* _Goal of the exercise_
An exact transcription of every entry is required. Images are not part of it.

* _Recorded information_
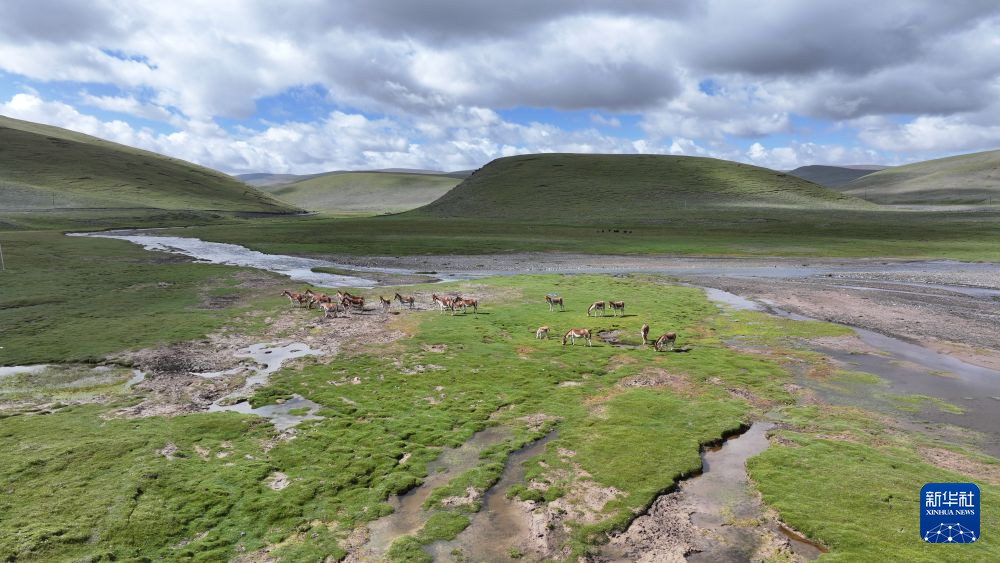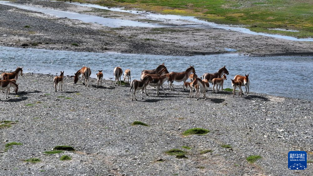 8月9日在青海省玉樹藏族自治州曲麻萊縣境內拍攝的藏野驢(無人機照片)。新華社 昂江 攝
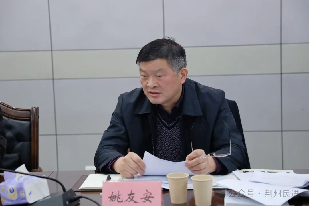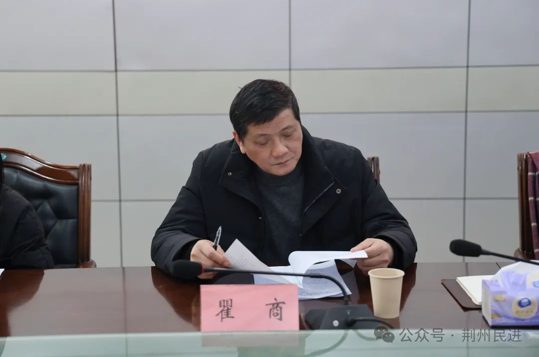 1月26日下午,民进荆州市委会召开2023年度领导班子“凝心铸魂强根基、团结奋进新征程”主题教育民主生活会。民进湖北省委会内部监督委员会委员、民进中南财经政法大学委员会主任、中南财经政法大学经济学院经济史研究中心主任瞿商,民进湖北省委会组织部三级主任科员张少文,中共荆州市委统战部常务副部长姚友安,中共荆州市委统战部党派科科长谢玲,荆州市纪委监委派驻市委统战部纪检监察组干部许飞到会指导。会议由荆州市政协副主席、民进荆州市委会主委、长江大学校长助理许晓宏主持,副主委黄平、徐国青、白卉参加会议,市委会内部监督委员会副主任贺勇以及市委会办公室人员列席会议。
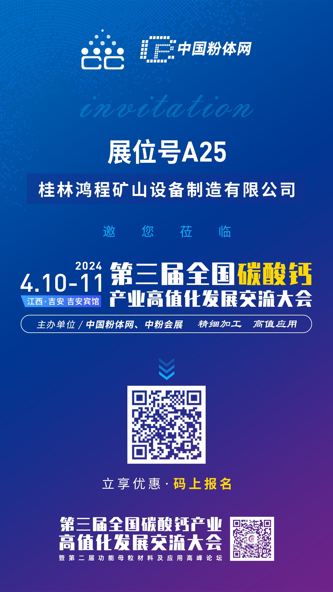 由中國粉體網主辦的“2024第三屆全國碳酸鈣交流會”將于2024年4月10-11號在江西吉安舉辦,桂林鴻程礦山設備邀您一同參加。
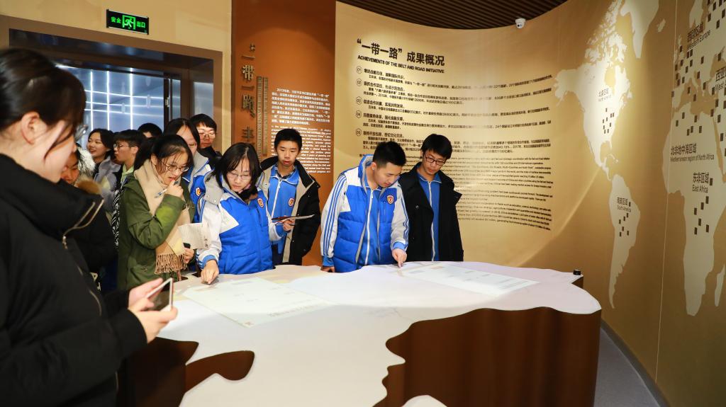 国际会议中心是开展“一带一路”峰会和APEC峰会会址的集贤厅。圆桌、汉式吊灯、柱浮雕、木雕屏风与淡黄色的地毯尽显低调通透的中国风。在解说员的精彩讲述下,同学们对“一带一路”有了更充分的了解。通过参观APEC峰会会址,同学们纷纷表示,深刻地感受到“祖国更加强大,我为之自豪。”
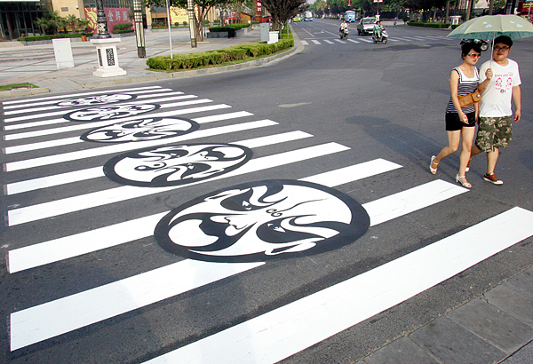 秦腔臉譜、關(guān)中皮影斑馬線亮相西安街頭
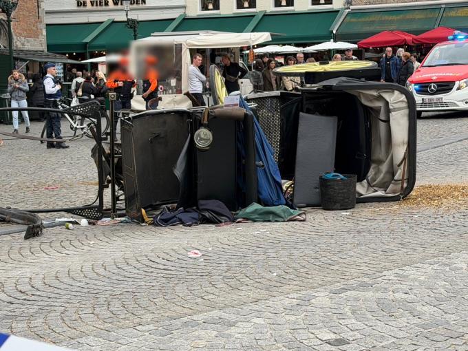 “Gelukkig waren er geen toeristen in de koets toen het paard op hol sloeg”, zegt Lien Depoorter van de politie Brugge. Aan het begin van de Wollestraat kantelde de koets, toen het rijtuig haperde tegen een paaltje op de hoek met de Markt. “De ervaren vrouwelijke koetsier viel op de grond, maar liep gelukkig geen breuken of andere verwondingen op”, vervolgt Dirk Stael.
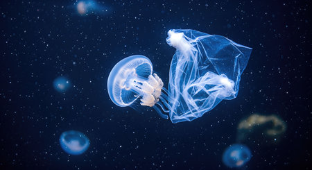 Jellyfish gliding through deep ocean waters, caught in plastic debris, symbolizes the critical environmental challenge of marine pollution affecting ecosystems and wildlife
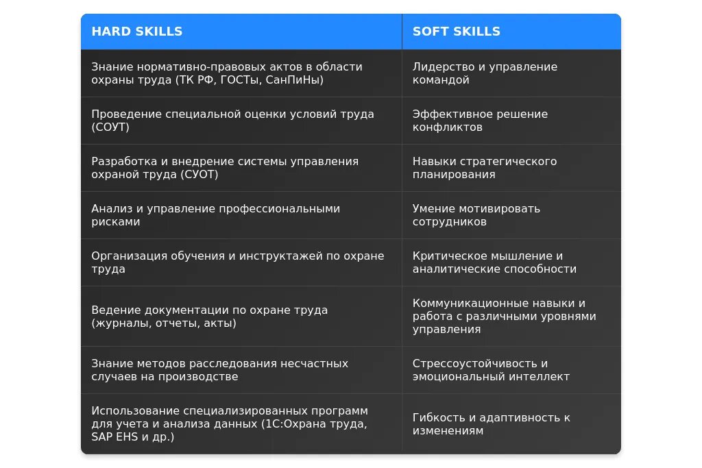 - Знание законодательства в области охраны труда (ТК РФ, ГОСТы, СанПиН).

* _Completed exercise_
 8月9日在青海省玉樹藏族自治州曲麻萊縣境內拍攝的藏野驢(無人機照片)。新華社 昂江 攝
 1月26日下午,民进荆州市委会召开2023年度领导班子“凝心铸魂强根基、团结奋进新征程”主题教育民主生活会。民进湖北省委会内部监督委员会委员、民进中南财经政法大学委员会主任、中南财经政法大学经济学院经济史研究中心主任瞿商,民进湖北省委会组织部三级主任科员张少文,中共荆州市委统战部常务副部长姚友安,中共荆州市委统战部党派科科长谢玲,荆州市纪委监委派驻市委统战部纪检监察组干部许飞到会指导。会议由荆州市政协副主席、民进荆州市委会主委、长江大学校长助理许晓宏主持,副主委黄平、徐国青、白卉参加会议,市委会内部监督委员会副主任贺勇以及市委会办公室人员列席会议。
 由中國粉體網主辦的“2024第三屆全國碳酸鈣交流會”將于2024年4月10-11號在江西吉安舉辦,桂林鴻程礦山設備邀您一同參加。
 国际会议中心是开展“一带一路”峰会和APEC峰会会址的集贤厅。圆桌、汉式吊灯、柱浮雕、木雕屏风与淡黄色的地毯尽显低调通透的中国风。在解说员的精彩讲述下,同学们对“一带一路”有了更充分的了解。通过参观APEC峰会会址,同学们纷纷表示,深刻地感受到“祖国更加强大,我为之自豪。”
 秦腔臉譜、關(guān)中皮影斑馬線亮相西安街頭
 “Gelukkig waren er geen toeristen in de koets toen het paard op hol sloeg”, zegt Lien Depoorter van de politie Brugge. Aan het begin van de Wollestraat kantelde de koets, toen het rijtuig haperde tegen een paaltje op de hoek met de Markt. “De ervaren vrouwelijke koetsier viel op de grond, maar liep gelukkig geen breuken of andere verwondingen op”, vervolgt Dirk Stael.
 Jellyfish gliding through deep ocean waters, caught in plastic debris, symbolizes the critical environmental challenge of marine pollution affecting ecosystems and wildlife
 - Знание законодательства в области охраны труда (ТК РФ, ГОСТы, СанПиН).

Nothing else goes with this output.